Li Jin, Ning Xinbao
State Key Laboratory of Modern Acoustics, Institute for Biomedical Electronical Engineering, Nanjing University, Nanjing 210093, China.
Phys Rev E Stat Nonlin Soft Matter Phys. 2006 May;73(5 Pt 1):052902. doi: 10.1103/PhysRevE.73.052902. Epub 2006 May 24.
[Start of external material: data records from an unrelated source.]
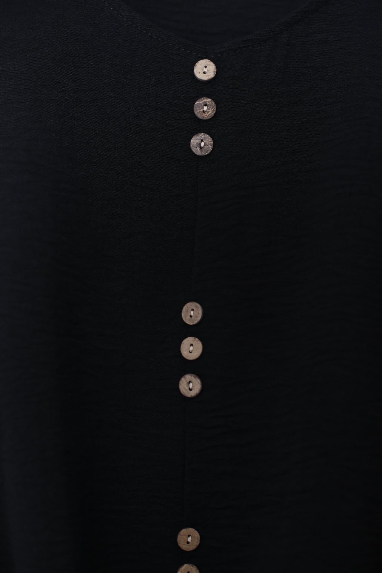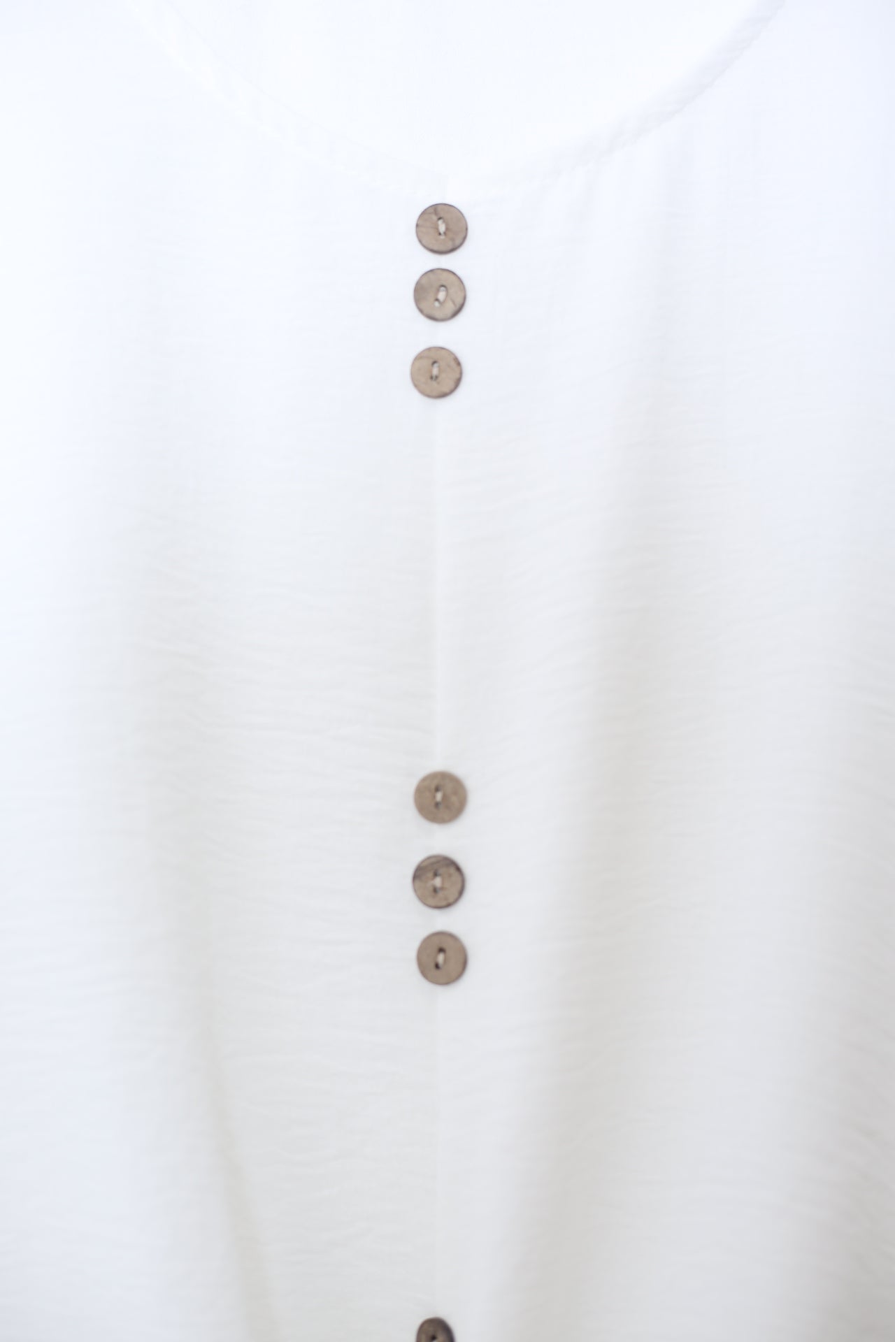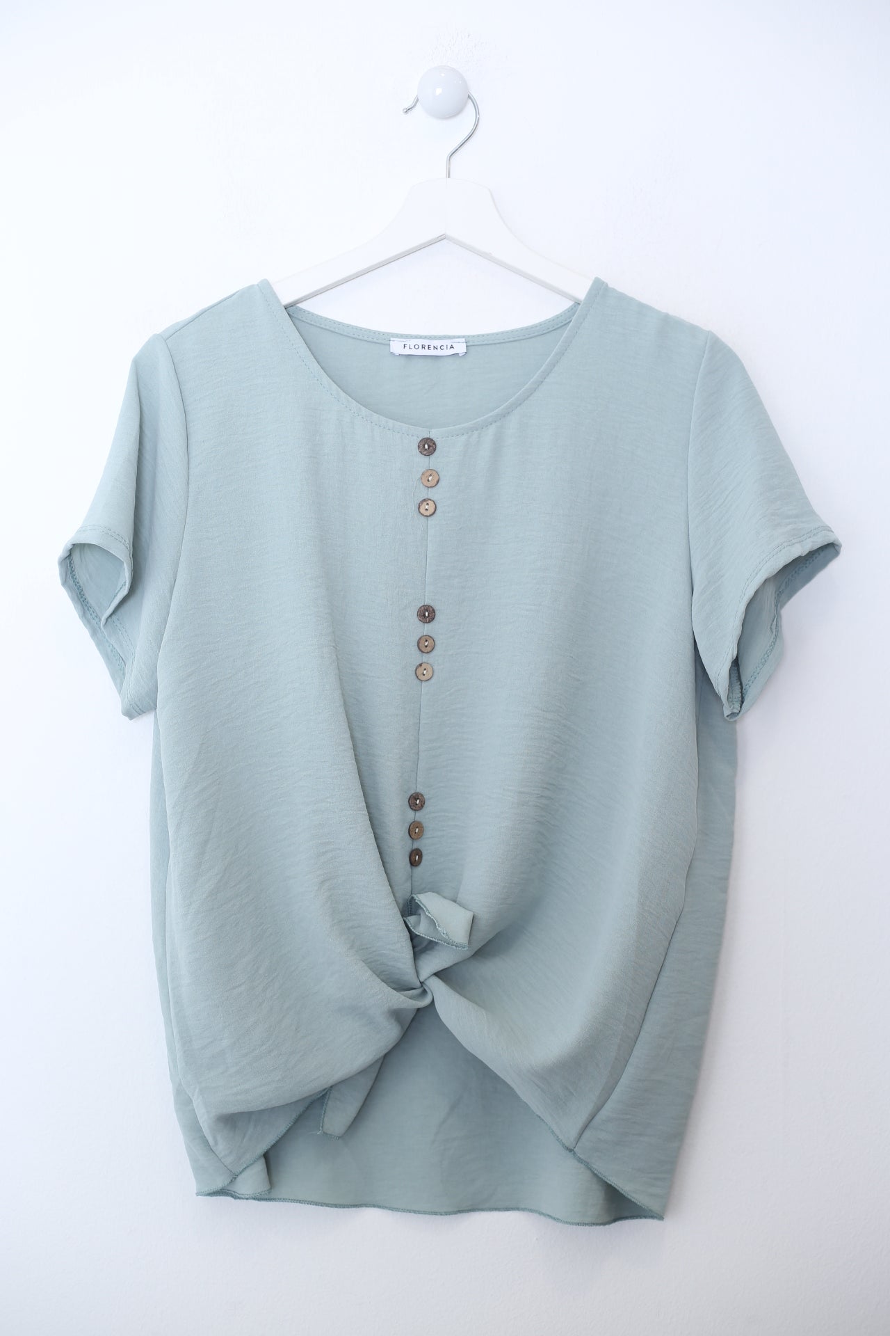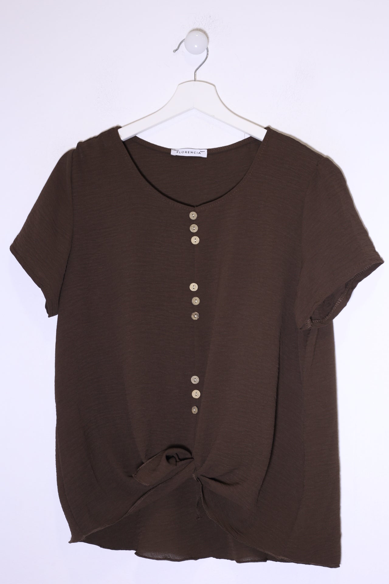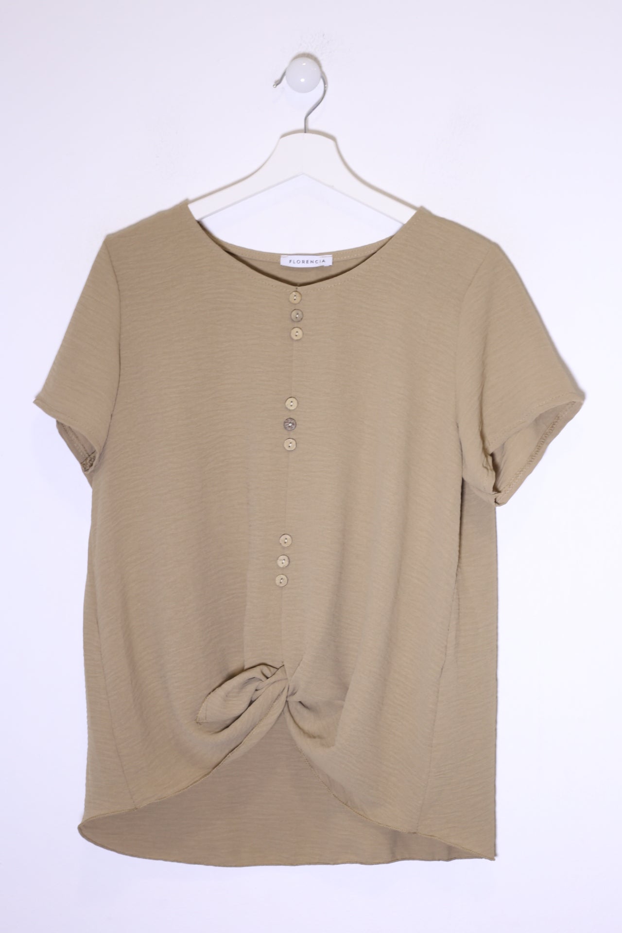 Blusa con escote redondo y manga corta. Detalle de botones decorativos en frontal y abertura en el bajo. Corte holgado y tejido elástico.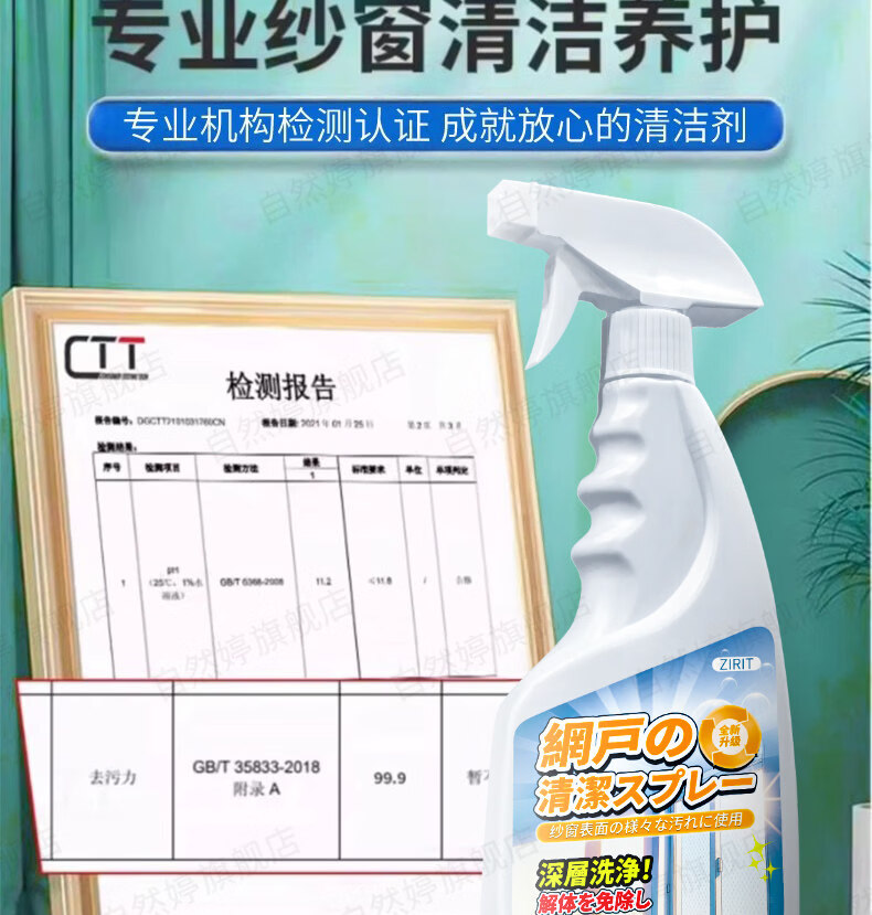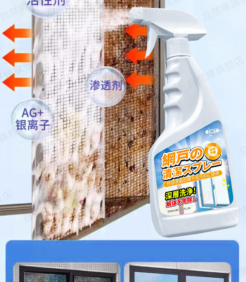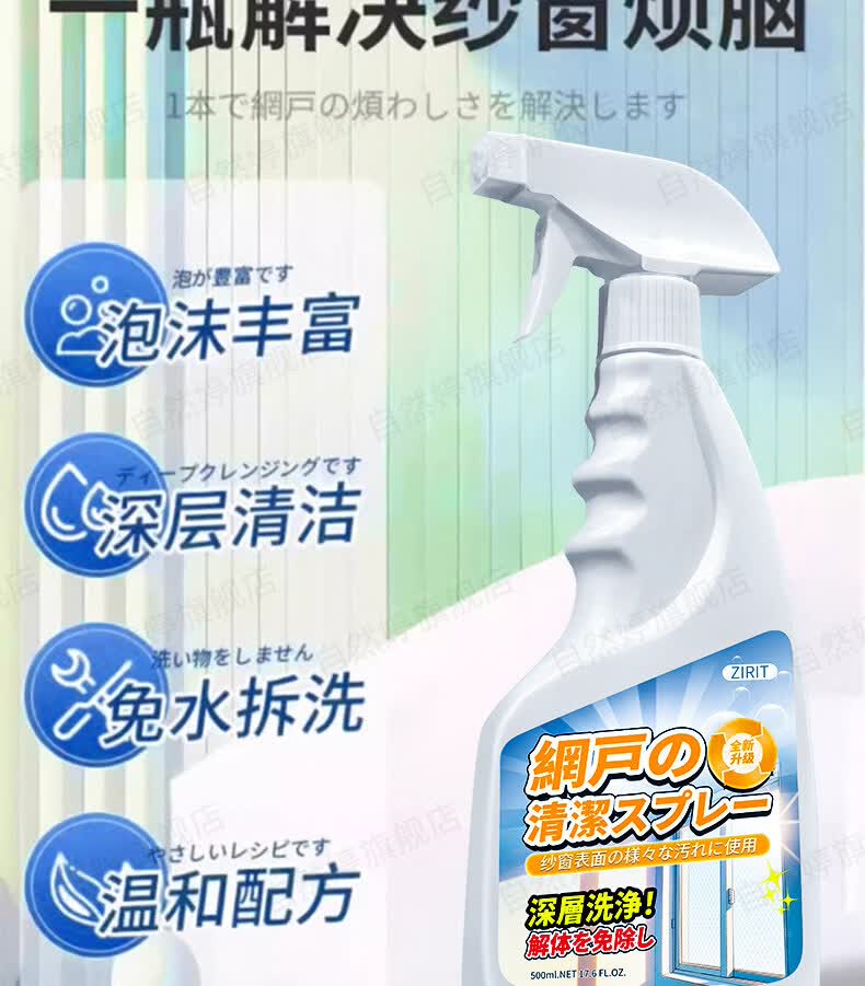 ZIRIT纱窗清洗剂免洗去污厨房窗纱神器金刚网窗户喷雾清洁剂 2瓶【大扫除必备】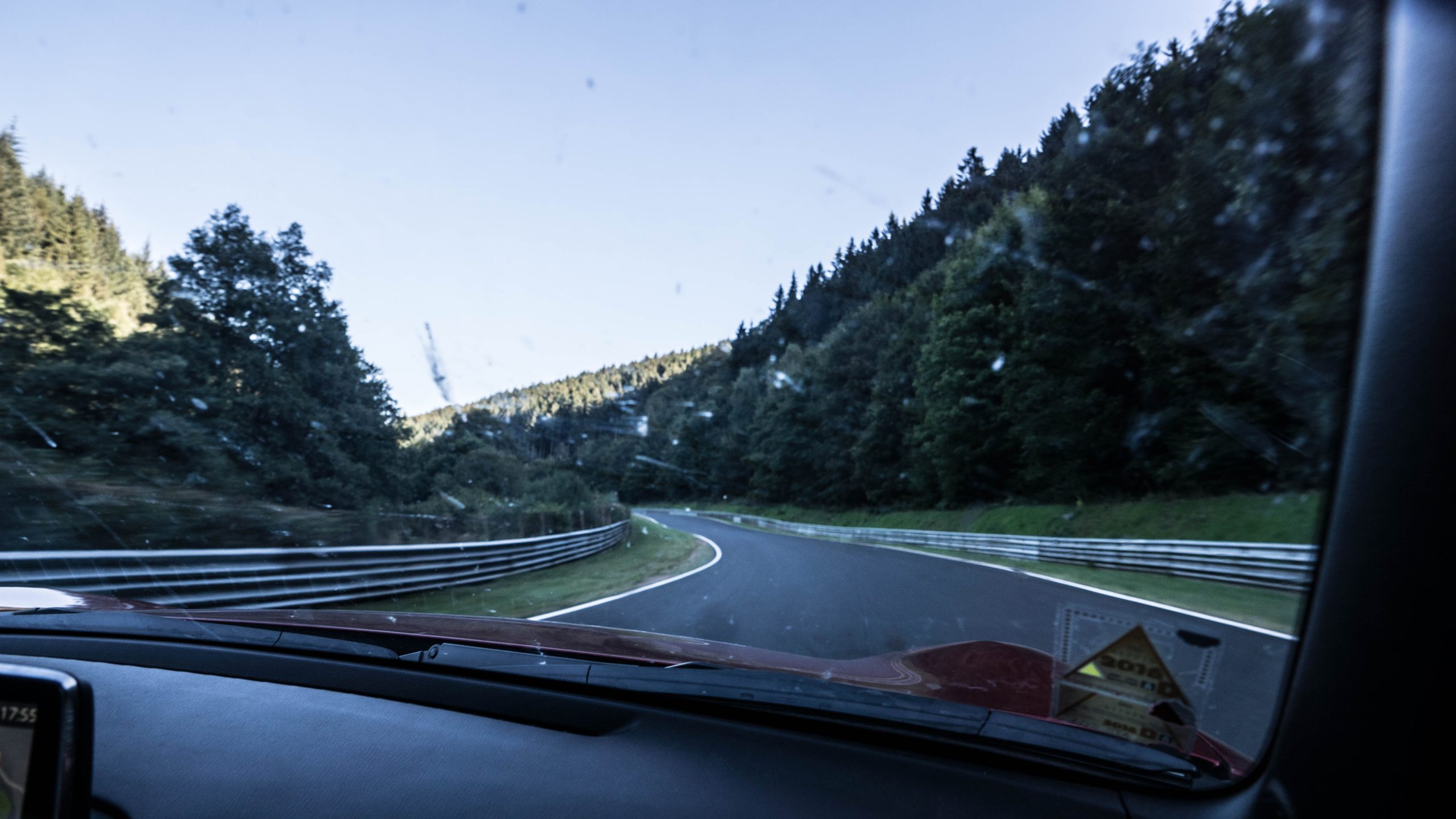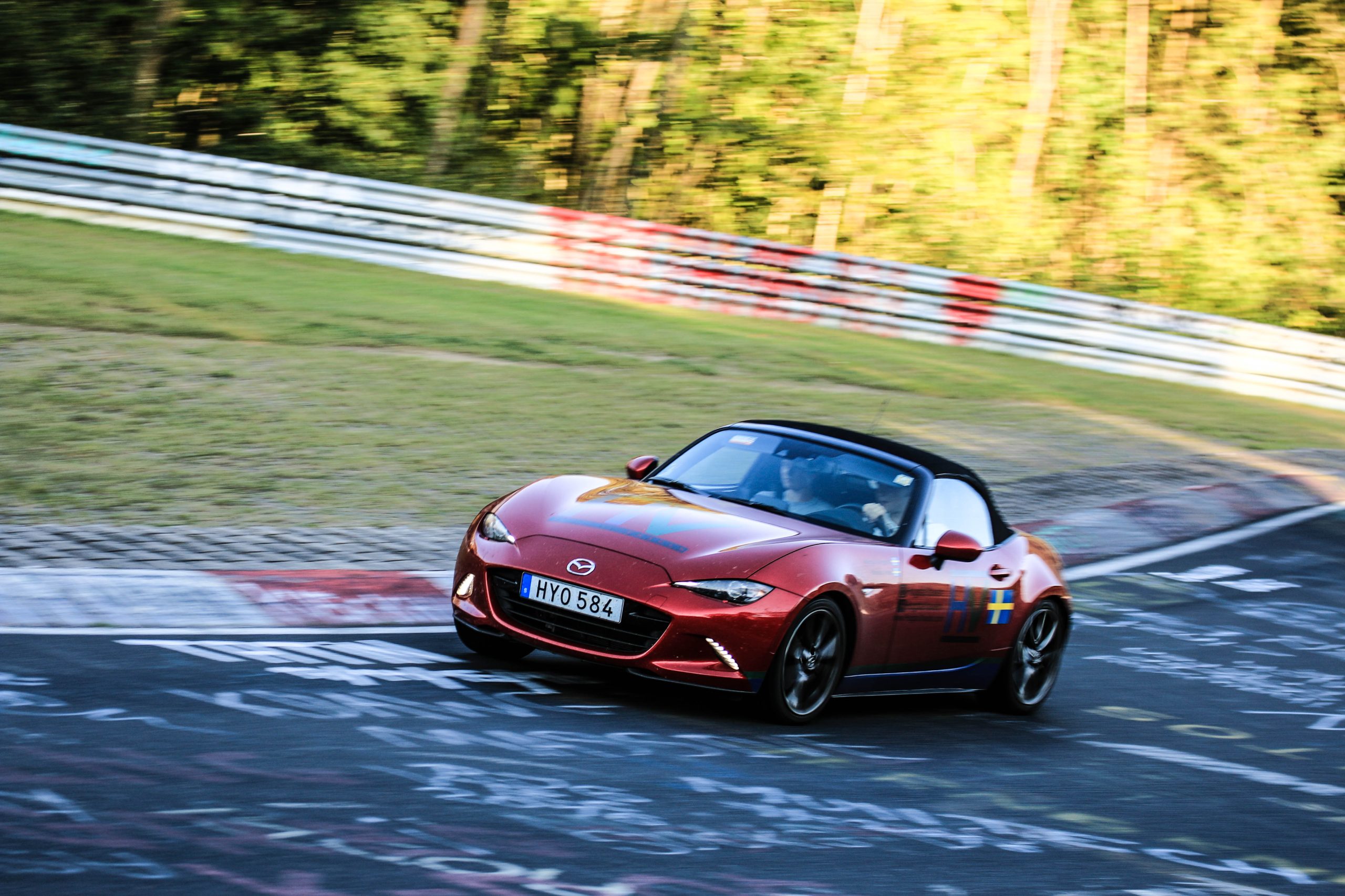 När jag frågade Mazda om det skulle gå bra att köra på Nürburgring var det halvt på skämt men när Mazda sa ja (och sedan tecknade en extra försäkring) trillade jag av stolen. Min första (och garanterat inte sista) färd på den berömda Ringen, där många offer har skördats, skulle vara i en Mazda MX-5; i min värld en oerhört lämplig bil för ändamålet. Dels är den för långsam för att man ska köra ihjäl sig själv och dels är den bakhjulsdriven och lika flyhänt som en fjäder. Precis som alla individer med oktan i blodet har jag sett tusentals klipp från Nürburgring. Allt ifrån när en Aventador SV eller en Porsche 918 kör på under 7 minuter till klipp av människor som krockar. Dessvärre har jag sett fler klipp av folk som krockar, på just Touristenfahrt (som vi alltså skulle åka) än av folk som kör som gudar. Marginalerna är asfalt, sen någon meter gräsplätt och sedan en sargad sarg. Efter att ha köpt nio stycken varv för 220 euro som man får på ett kort som man sedan drar när man kör in på banan var jag taggad till skyarna, men även rädd som få. Man kör rakt in på slutet av den långa rakan och efter att man undvikit lite koner är det bara att trycka gasen i botten. Det första jag märkte var att asfalten var bredare än vad man tror men att man med en 160-hästars Miata kommer rätt långt eftersom den är såpass lättkörd i kurvorna. Jag kom genast ikapp en Ford Fiesta ST som jag körde om men hade såklart ögonen klistrade i backspegeln. Man vill knappast ligga i vägen när en av många supermodifierade Porsche 911:or eller BMW M3:or kommer som skållade troll bakifrån. Nürburgring räknas som en motorväg så man ska hålla höger när någon kommer ikapp en. Givetvis hände det väldigt ofta och ibland höll man på att blåsa av vägen. Med inställningen att kolla läget det första varvet (något jag fick lära mig av en svensk Ringräv som vi pratade med strax innan vi gav oss ut på banan) körde jag förhållandevis lugnt. En oljefläck som resulterade i att bilen överstyrde bevisade att Ringräven inte var ute och cyklade. Det gjorde mig betydligt mer försiktig men när jag väl kört ett varv var det raka spåret ut igen för att köra gasen i botten. Det hela slutade med en varvtid på några hundradelar över 10 minuter vilket är en snittfart på 126 kilometer i timmen – otroligt imponerande för en Miata om jag får säga det själv. Efter att vi hade kört på Nürburgring var det Flensburg vid Tysk-Danska-gränsen som var nästa anhalt, en mindre spännande sträcka.

Physiological systems generate complex fluctuations in their output signals that reflect the underlying dynamics. The base-scale entropy method was proposed as a complexity measure to investigate the complexity of time series. The advantages of this method are simplicity and extremely fast calculation for very short data sets. This method enables analyzing very short, nonstationary, and noisy data sets. We employed this method for short-term physiological time series for analysis of heart-rate variability signals. The results show that the simple and easily calculated measure can effectively detect the complexity dissimilarity of physiological time series in different physiological or pathological states, which is convenient for clinical applications.
生理系统在其输出信号中产生反映潜在动力学的复杂波动。提出了基本尺度熵方法作为一种复杂性度量来研究时间序列的复杂性。该方法的优点是简单,对于非常短的数据集计算速度极快。此方法能够分析非常短的、非平稳的和有噪声的数据集。我们将该方法用于短期生理时间序列,以分析心率变异性信号。结果表明,这种简单且易于计算的度量能够有效检测不同生理或病理状态下生理时间序列的复杂性差异,便于临床应用。